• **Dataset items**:
_ _ _ _
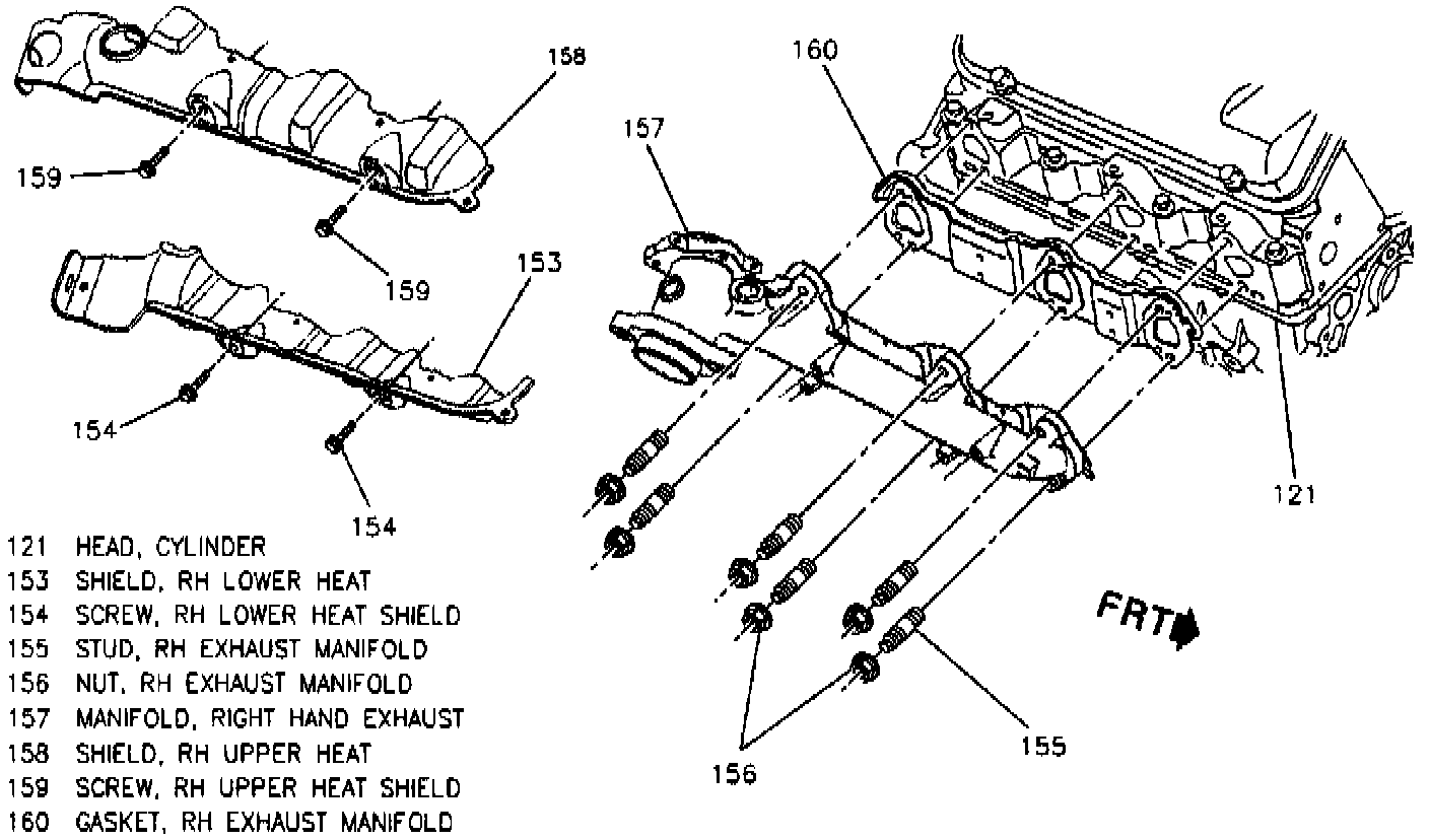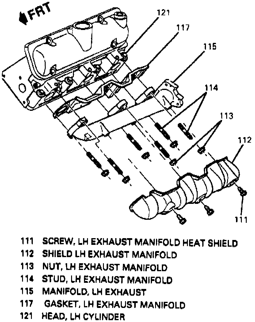 6. Remove oxygen sensor, then exhaust manifold attaching bolts.
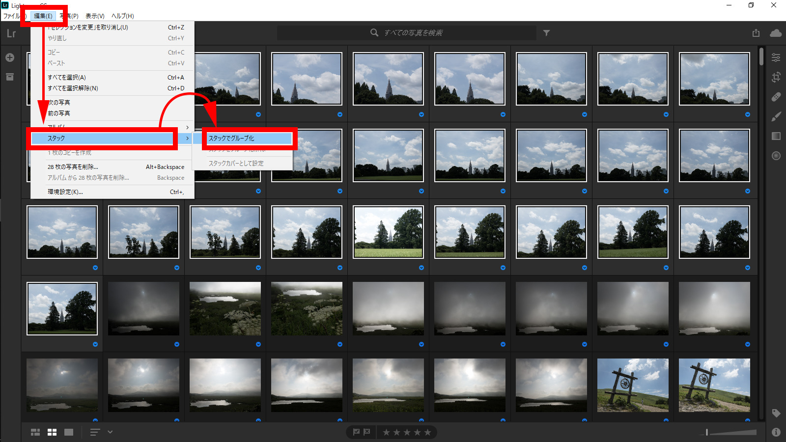 サムネールを選択したら、「編集」メニューの「スタック」→「スタックでグループ化」を選択します。
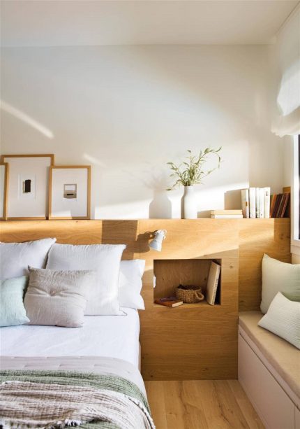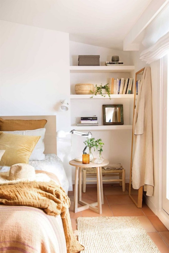 Користете вдлабнатини во просторијата за отворени полици на кои ќе ставате ситници – книги, кутии за накит или работи кои вообичаено ги ставате на ноќната масичка, доколку вдлабнатината е веднаш до креветот.
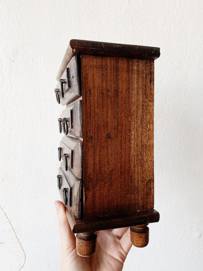 Lovely vintage wood jewelry chest of drawers. Four drawers with iron ring pulls. So lovely!
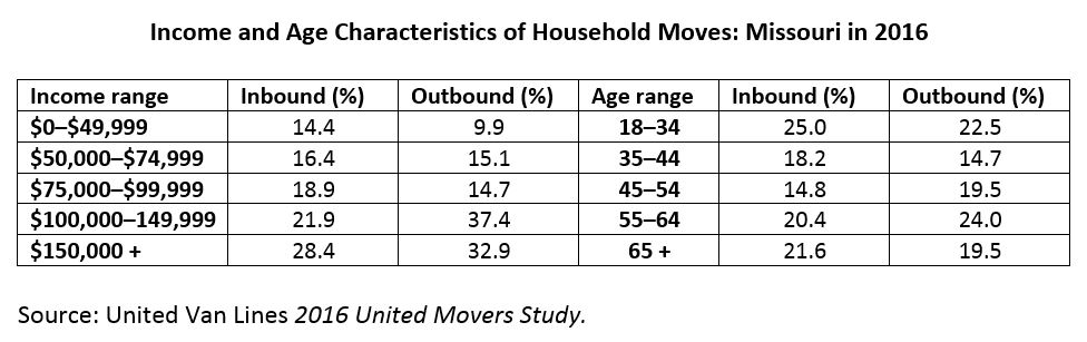 The income and age characteristics of those moving are more revealing. The table below breaks down of inbound and outbound moves by income (left-hand side of table) and age (right-hand side of table). The data suggest that those in the highest income ranks—incomes exceeding $100,000—were, in 2016, net out-migrants: more left Missouri than moved in. This accords with earlier results: Michael Rathbone and I found that, based on IRS data, those who moved out of Missouri tended to be higher income individuals.
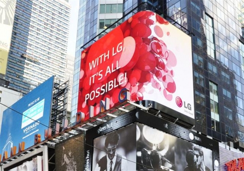 LG전자는 1일 ‘잇츠 올 파서블’ 테마와 ‘레드 서클’을 적용한 브랜드 광고 영상을 뉴욕 타임스퀘어 전광판에 상영해 글로벌 브랜드 마케팅 강화의 신호탄을 울렸다.
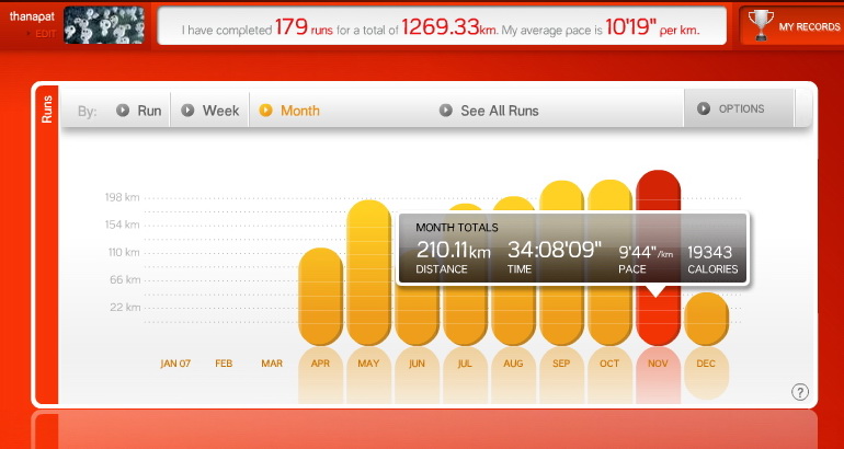 สัปดาห์ที่ผ่านมาแม้จะออกกำลังเพียงวันละไม่มาก แต่ต่อเนื่องทุกวัน ได้เหงื่อทุกวัน ก็รู้สึกดี และสถิติตลอดทั้งเดือนพฤศจิกายนก็ดีที่สุดเท่าที่ออกกำลังมา ระยะทางทะลุสองร้อยกิโลเมตรไปแล้ว
_ _ _ _
• **What you need to do**:
Word for word, write out the lines from the top of the records above down to the line holding "LG전자는 1일 ‘잇츠", inclusive, but not the pictures.

• **Finished task**:
 6. Remove oxygen sensor, then exhaust manifold attaching bolts.
 サムネールを選択したら、「編集」メニューの「スタック」→「スタックでグループ化」を選択します。
 Користете вдлабнатини во просторијата за отворени полици на кои ќе ставате ситници – книги, кутии за накит или работи кои вообичаено ги ставате на ноќната масичка, доколку вдлабнатината е веднаш до креветот.
 Lovely vintage wood jewelry chest of drawers. Four drawers with iron ring pulls. So lovely!
 The income and age characteristics of those moving are more revealing. The table below breaks down of inbound and outbound moves by income (left-hand side of table) and age (right-hand side of table). The data suggest that those in the highest income ranks—incomes exceeding $100,000—were, in 2016, net out-migrants: more left Missouri than moved in. This accords with earlier results: Michael Rathbone and I found that, based on IRS data, those who moved out of Missouri tended to be higher income individuals.
 LG전자는 1일 ‘잇츠 올 파서블’ 테마와 ‘레드 서클’을 적용한 브랜드 광고 영상을 뉴욕 타임스퀘어 전광판에 상영해 글로벌 브랜드 마케팅 강화의 신호탄을 울렸다.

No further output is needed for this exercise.